EXERCISE AIM
The listing below holds pictures; exclude them. Return exactly the lines from the one with "There are two" through the one with "The contemporary house".

EXERCISE DATA
#####
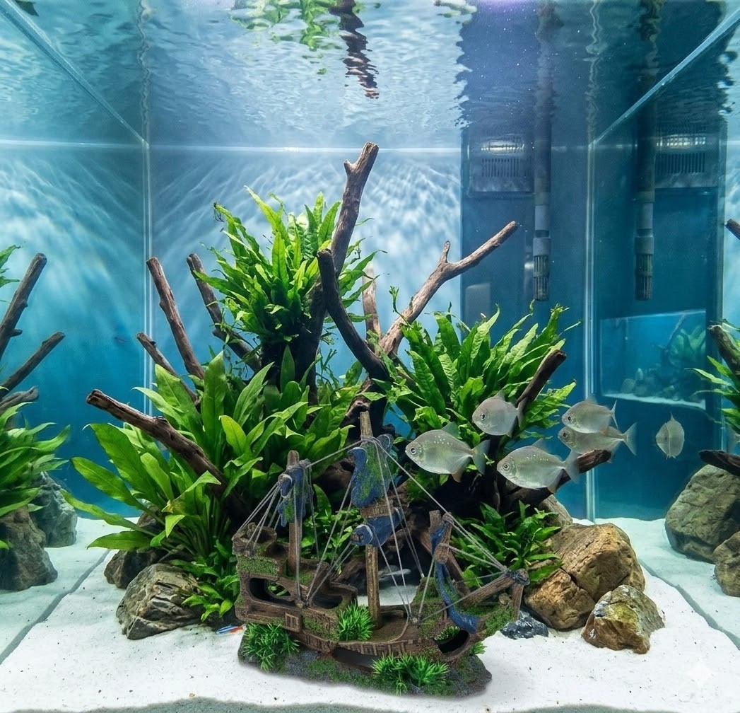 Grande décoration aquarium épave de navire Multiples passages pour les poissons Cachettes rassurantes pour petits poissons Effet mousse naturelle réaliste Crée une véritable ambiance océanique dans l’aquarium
#####
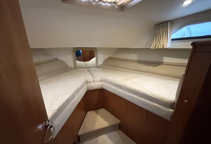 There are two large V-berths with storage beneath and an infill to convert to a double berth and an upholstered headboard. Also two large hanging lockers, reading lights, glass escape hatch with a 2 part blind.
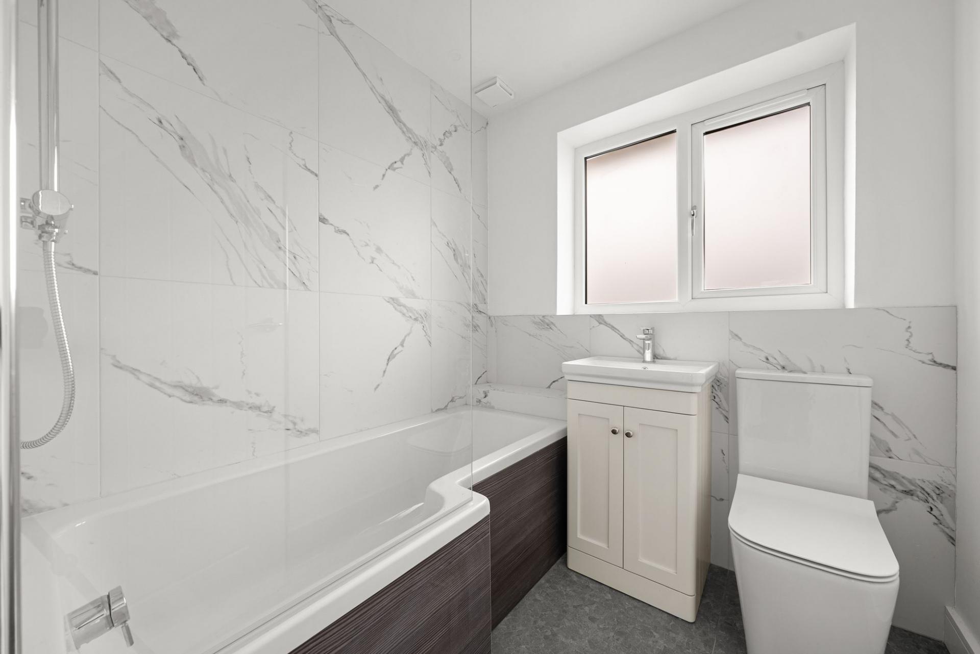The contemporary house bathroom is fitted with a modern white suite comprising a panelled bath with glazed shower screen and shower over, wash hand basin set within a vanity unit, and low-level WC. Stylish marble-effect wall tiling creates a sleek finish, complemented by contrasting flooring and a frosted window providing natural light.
#####
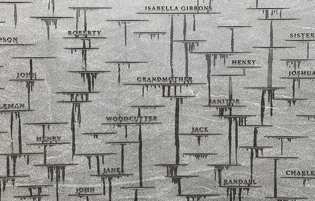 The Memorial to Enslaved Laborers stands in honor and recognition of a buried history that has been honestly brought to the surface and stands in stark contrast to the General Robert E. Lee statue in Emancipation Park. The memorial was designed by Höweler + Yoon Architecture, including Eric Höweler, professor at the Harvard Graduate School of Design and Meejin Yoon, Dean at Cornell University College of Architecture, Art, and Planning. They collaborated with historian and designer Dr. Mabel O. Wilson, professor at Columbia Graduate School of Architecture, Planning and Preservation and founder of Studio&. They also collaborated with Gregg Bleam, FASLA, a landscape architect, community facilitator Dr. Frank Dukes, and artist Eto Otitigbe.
#####
THE COMPLETED TASK
 There are two large V-berths with storage beneath and an infill to convert to a double berth and an upholstered headboard. Also two large hanging lockers, reading lights, glass escape hatch with a 2 part blind.
The contemporary house bathroom is fitted with a modern white suite comprising a panelled bath with glazed shower screen and shower over, wash hand basin set within a vanity unit, and low-level WC. Stylish marble-effect wall tiling creates a sleek finish, complemented by contrasting flooring and a frosted window providing natural light.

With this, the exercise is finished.